The Underwear Museum (Musée du slip, Slipmuseum) is a museum in Lessines, Hainaut, Wallonia, Belgium which displays the underclothing of famous persons; each article was worn at least one time by the person in question and is combined with a certificate of authenticity. It also has artistic depictions of famous people wearing underwear.

==History==
It was established by Jan Bucquoy in 2009 in Brussels, and it was initially atop the café De Dolle Mol, in the City of Brussels municipality. Bucquoy stated that the end of hierarchy among humans was his motive for starting the museum. He explained, "If you are scared of someone, just imagine them in their underpants. The hierarchy will fall and you will see that this is a guy like any other. We are all equal, all brothers."

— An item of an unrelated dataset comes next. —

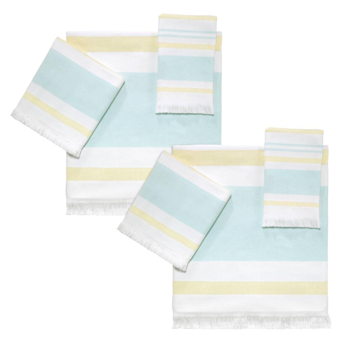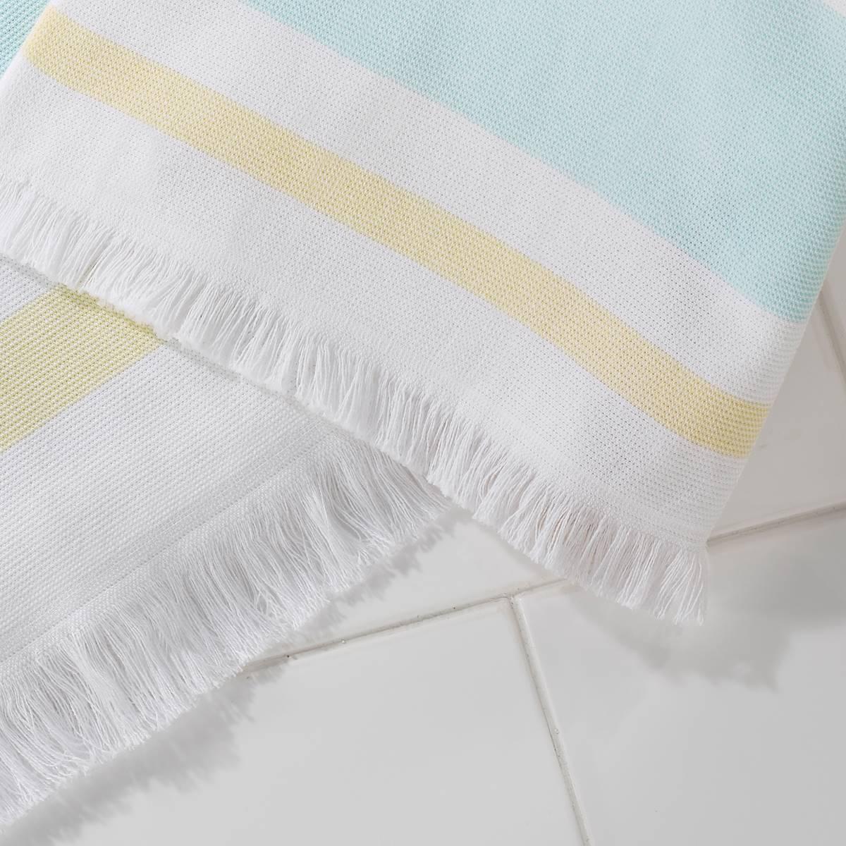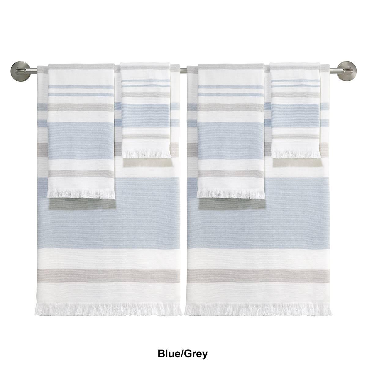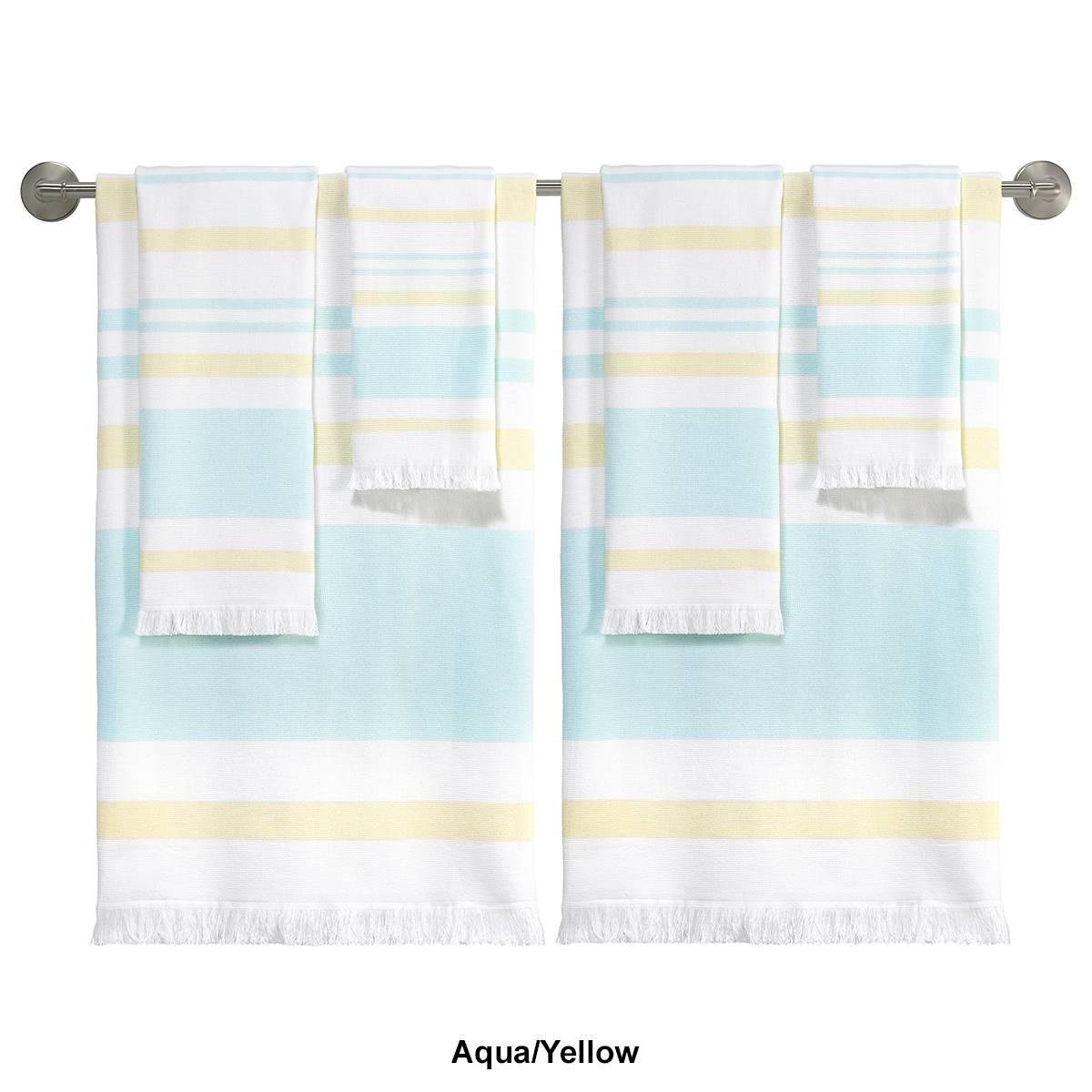 The IZOD(R)Clubhouse Stripe 2-pack hammam bath towel collection features a woven stripe design finished with fringe on both ends. The hammam-style towel is flat woven on one side and reverses to terry lightweight and fast-drying. Each size includes 2 towels Fingertip Towel: 18x11 Towel: 52x27 Hand Towel: 28x16.

In 2014 Bruno Waterfield of The Telegraph stated that when the museum was in Brussels it was "a well-known drinking spot for Belgium's bohemian far-Left." Robyn Boyle of The Bulletin stated that the museum had become a household name in Brussels".

In 2014, the underwear of Yvan Mayeur was stolen from the museum.

In 2015, the lease on the café expired, and at one point the Flemish Community canceled its subsidy for the museum, causing Bucquoy to move it. The museum was housed in Chez Claude for a period before it moved to Lessines permanently in 2016. Prior to the relocation Mayeur donated a pair of underwear to the museum.

==Collection==
The museum has underwear belonging to or attributed to belonging to Brigitte Lahaie, Mayeur, Michel Preud'homme, Didier Reynders, and Axelle Red.